- Court: United States Court of Appeals for the Fifth Circuit
- Full case name: SBC Communications, Inc. v. FCC
- Decided: September 4, 1998
- Citations: 154 F.3d 226; 1998-2 Trade Cases ¶ 72,256

Court membership
- Judges sitting: E. Grady Jolly, Jerry Edwin Smith, Rhesa Barksdale

Case opinions
- Majority: Jolly, joined by Barksdale
- Dissent: Smith

= SBC Communications, Inc. v. FCC =

United States legal case

SBC Communications, Inc. v.

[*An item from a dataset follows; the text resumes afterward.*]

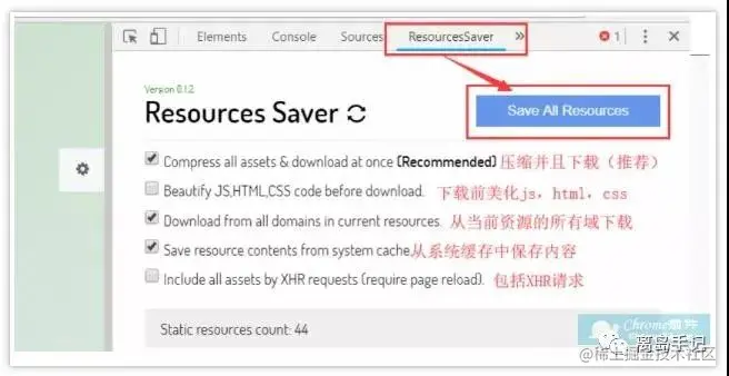一键下载网页资源(Save All Resources),可以完美的满足我们的需求
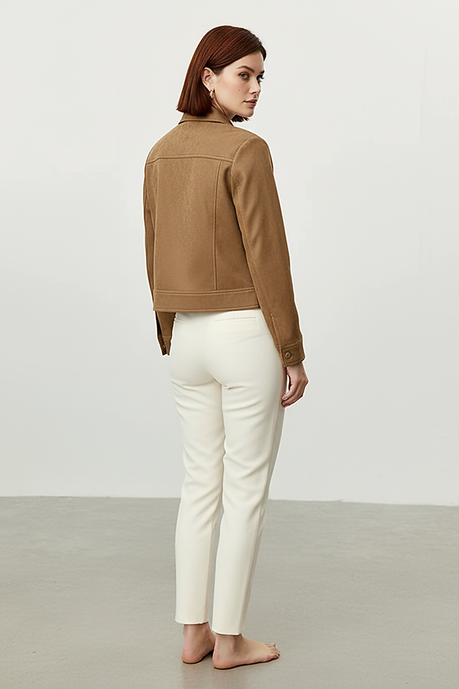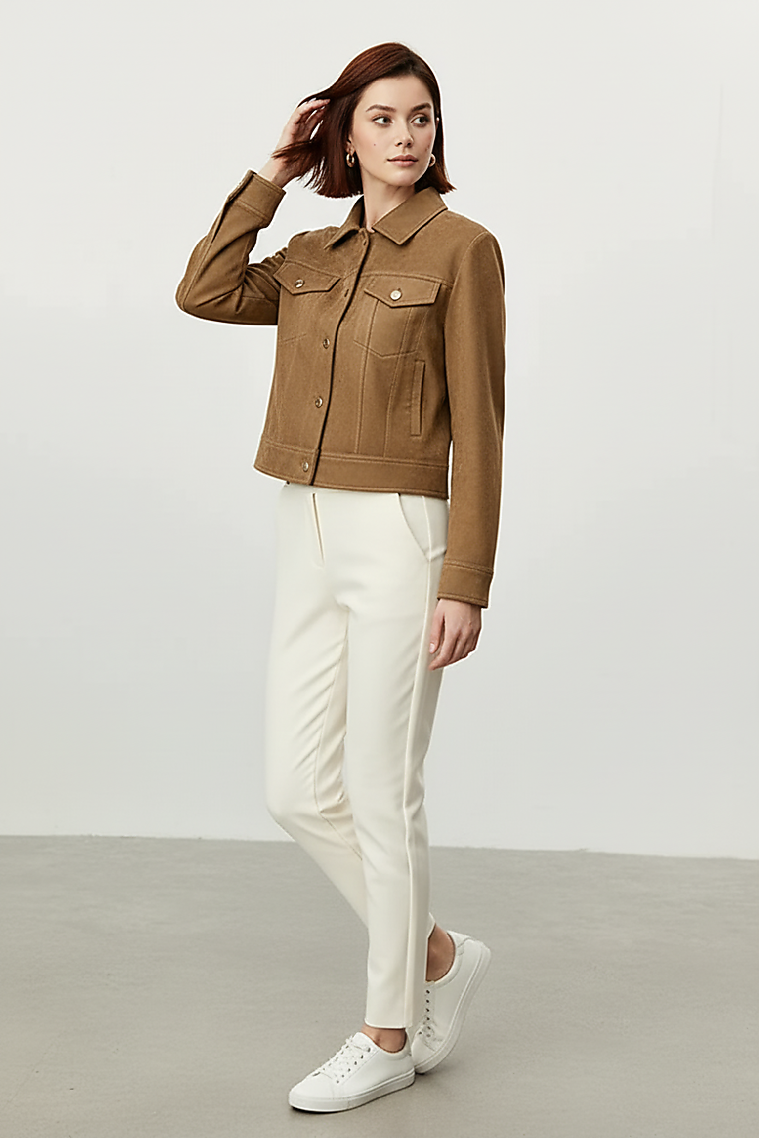 For a Sophisticated Urban Edge: Layer the jacket over a fine-gauge knit turtleneck in a complementary neutral tone. Pair with impeccably tailored wool trousers or sleek faux leather pants, finishing with polished ankle boots. Add minimalist gold jewelry and a structured crossbody bag to complete an ensemble that is both chic and commanding, perfect for gallery visits or upscale casual dining.

FCC, 154 F.3d 226 (5th Cir. 1998), was a case decided by the United States Court of Appeals for the Fifth Circuit that upheld §§ 271-275 of the Telecommunications Act of 1996 as constitutional against a challenge that the provisions acted as a bill of attainder.

==Factual background==
Sections 271-275 of the Telecommunications Act of 1996 place limitations on the entrance of the Regional Bell Operating Companies (RBOCs) into the in-region long-distance service market. SBC Communications challenged these provisions as a bill of attainder that singled out the RBOCs for punishment.

==Decision==
The Fifth Circuit upheld the statute, holding that §§ 271-275 were not punitive in nature and thus could not be considered a bill of attainder.